Sequential Monte Carlo (SMC) or particle filter methods, which have been originally introduced in the beginning of the 1950s, became very popular in the last few years in the statistical and engineering communities. Such methods have been widely used to deal with sequential Bayesian inference problems in the fields like economics, signal processing, and robotics, among others. SMC methods are an approximation of sequences of probability distributions of interest, using a large set of random samples, named particles. These particles are propagated along time with a simple Sampling Importance distribution. Two advantages of this method are: they do not require the restrictive hypotheses of the Kalman filter, and they can be applied to nonlinear models with non-Gaussian errors. This paper uses two SMC filters, namely the SIR (sampling importance resampling filter) and the ASIR (auxiliary sampling importance resampling filter) to estimate a heat flux on the wall of a square cavity encasing a liquid undergoing natural convection. Measurements, which contain errors, taken at the boundaries of the cavity were used in the estimation process.
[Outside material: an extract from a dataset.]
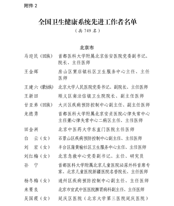 【喜报】澳门金沙田常青主任荣获全国卫生健康系统“先进工作者”称号

The mathematical model as well as the initial condition are supposed to have some errors, which were taken into account in the probabilistic evolution model used for the filter. Also, the results using different grid sizes and patterns for the direct and inverse problems were used to avoid the so-called inverse crime. In these results, additional errors were considered due to the different location of the grid points used. The final results were remarkably good when using the ASIR filter.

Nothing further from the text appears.